Consequence: for a realistic assessment of the legal situation, both the state of the SEM instructions and the cantonal enforcement practice must be taken into account. SIP documents cantonal practice particularities in its cantonal in-depth contributions.


14. Cross-References

  • The FNIA/OASA terminology glossary — terminological apparatus of the FNIA (SR 142.20) / OASA (SR 142.201), given concrete shape by the Instructions I. Foreign Nationals Area.
  • The Asylum Act glossary — terminological apparatus of the AsylA (SR 142.31), supplemented by the Asylum Instructions.
  • The Citizenship Act 2018 glossary — terminological apparatus of the SCA (SR 141.0) and the BüV (SR 141.01), supplemented by the Citizenship Instructions.
  • The AFMP/free-movement glossary — AFMP-specific terms (SR 0.142.112.681), given concrete shape in Ch. 7 of the Instructions I. Foreign Nationals Area.
  • The article on data protection at SwissImmigrationPro — data protection in the migration area (revised Data Protection Act [revFADP], in force since 1 September 2023), interface with the instructions on data processing.
  • All articles on the individual permit types — these each cite the relevant instruction chapters.
  • All cantonal in-depth contributions — cantonal variation in the application of the instructions.

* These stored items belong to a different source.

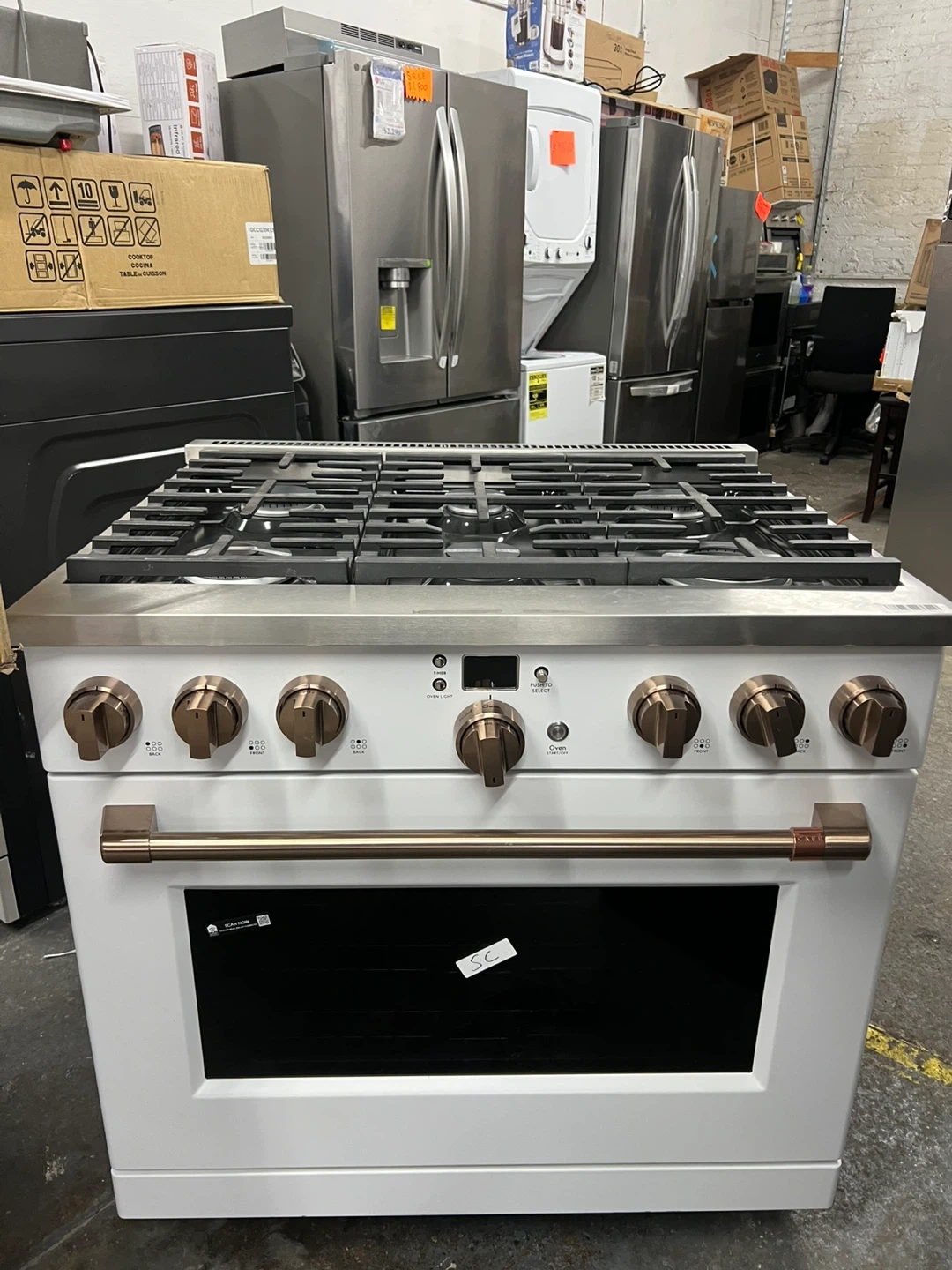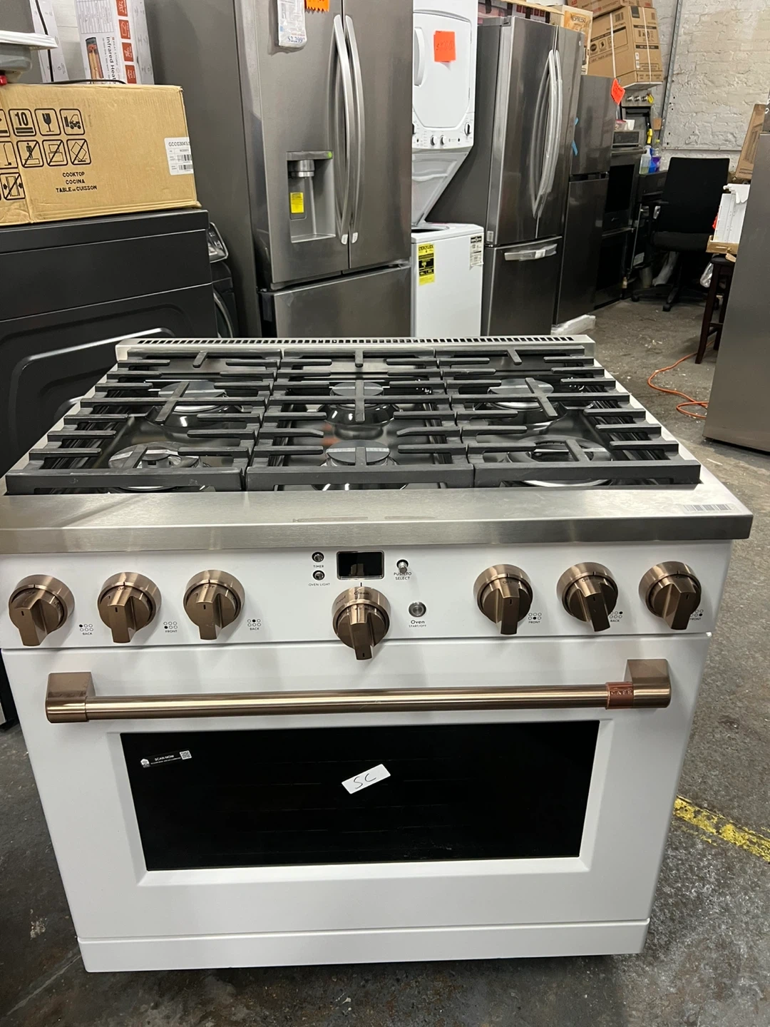 This Cafe 30" gas range features a striking matte white finish with brushed bronze hardware. It includes a spacious oven and a five-burner cooktop. Perfect for upgrading your kitchen's style and functionality!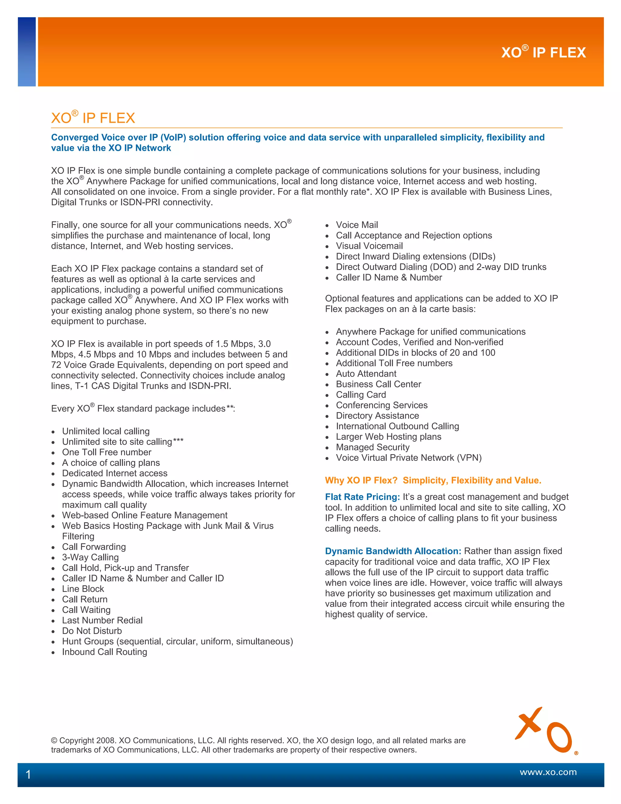XO IP Flex is a converged voice over IP solution that offers voice and data services through a single package for a flat monthly rate. It includes local and long distance calling, internet access, web hosting, and unified communications features. Customers can choose from port speeds and connectivity options. Standard features include unlimited local/site calling, a toll free number, web hosting, and call management tools. Optional applications like auto attendant, VPN, and call centers are also available.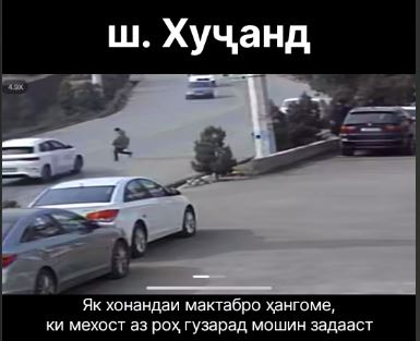 Дар навор, ки се рӯз боз дар шабакаҳои иҷтимоӣ мечархад, дида мешавад, ки як писарча, ки дар тан либоси мактабӣ дорад, мехоҳад аз роҳ гузарад, аммо як мошин бо суръати баланд писарро мезанад ва суръатро паст карда натавониста, чанд метр бо худ мебарад. Аксари корбарони шабкаҳои иҷтимоӣ аз вазъи саломатии ин писар нигаронӣ карданд.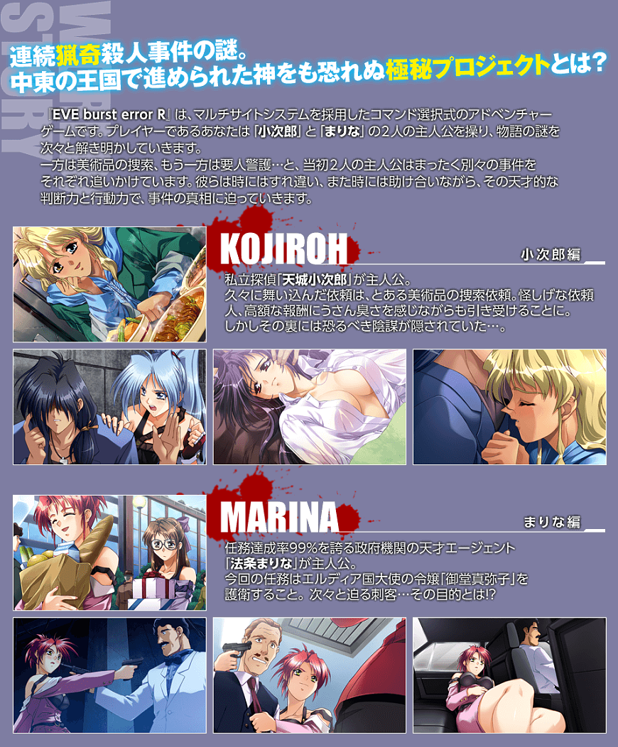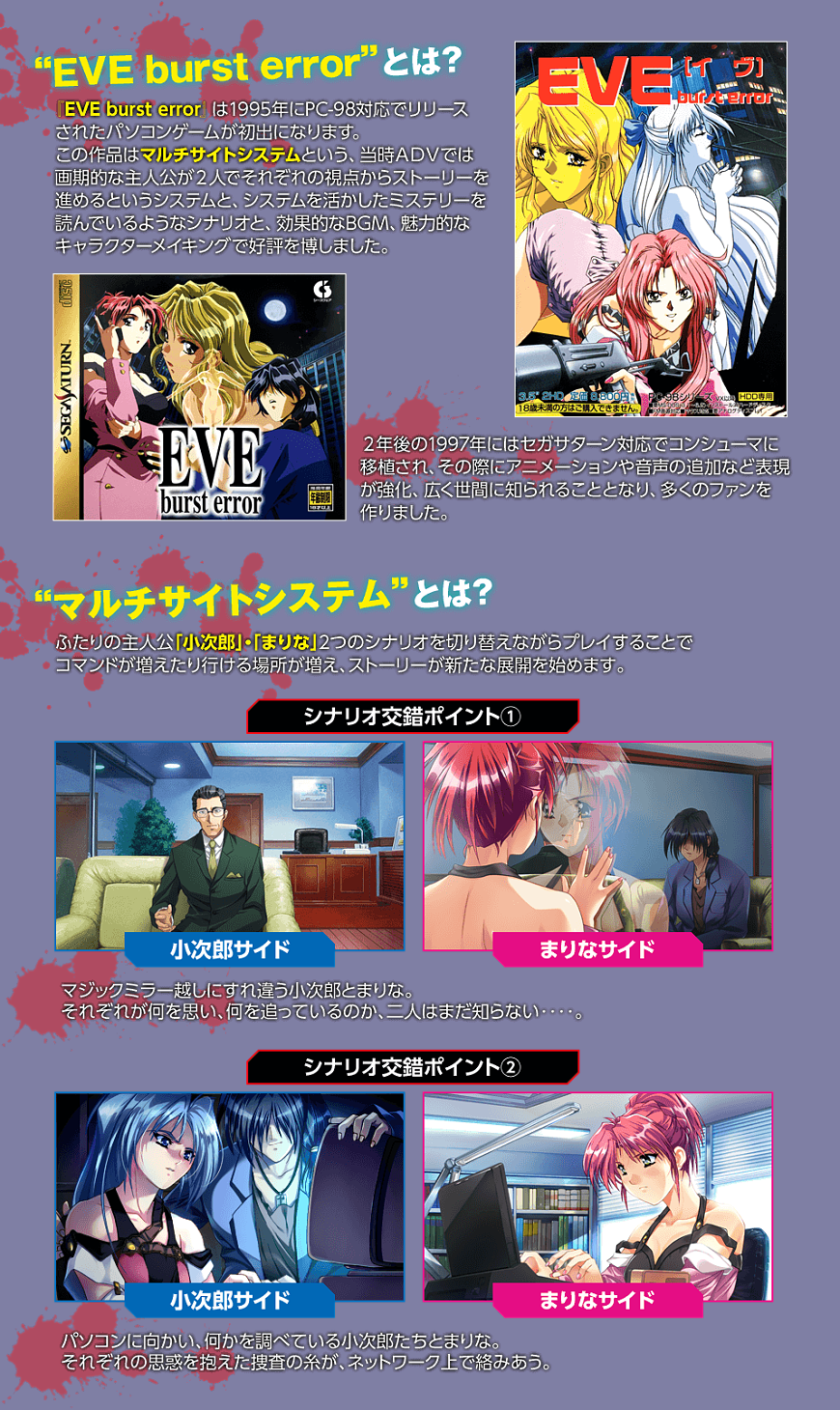 「EVE」のストーリーは、2人の主人公がそれぞれの視点でゲームを進める"マルチサイトシルテム"という方式で展開される。 1人の主人公が行き詰った場合は、別の主人公のストーリーを進める事で行き詰まりが解消され、再びゲームが進展していく。主人公を切り替える

15. Anti-Scope (limits of the SIP presentation)

  • SIP gives no individual instruction interpretation — the index is descriptive, not advisory.
  • For proceedings with a concrete status date, intertemporal questions or a disputed instruction interpretation, a lawyer registered in the cantonal bar register should be consulted (Lawyers Act, LLCA, SR 935.61).
  • SIP content does not replace consulting the SEM original text. The chapter structure, topic list and update cycles presented here are approximations as of 2026-05 that may change.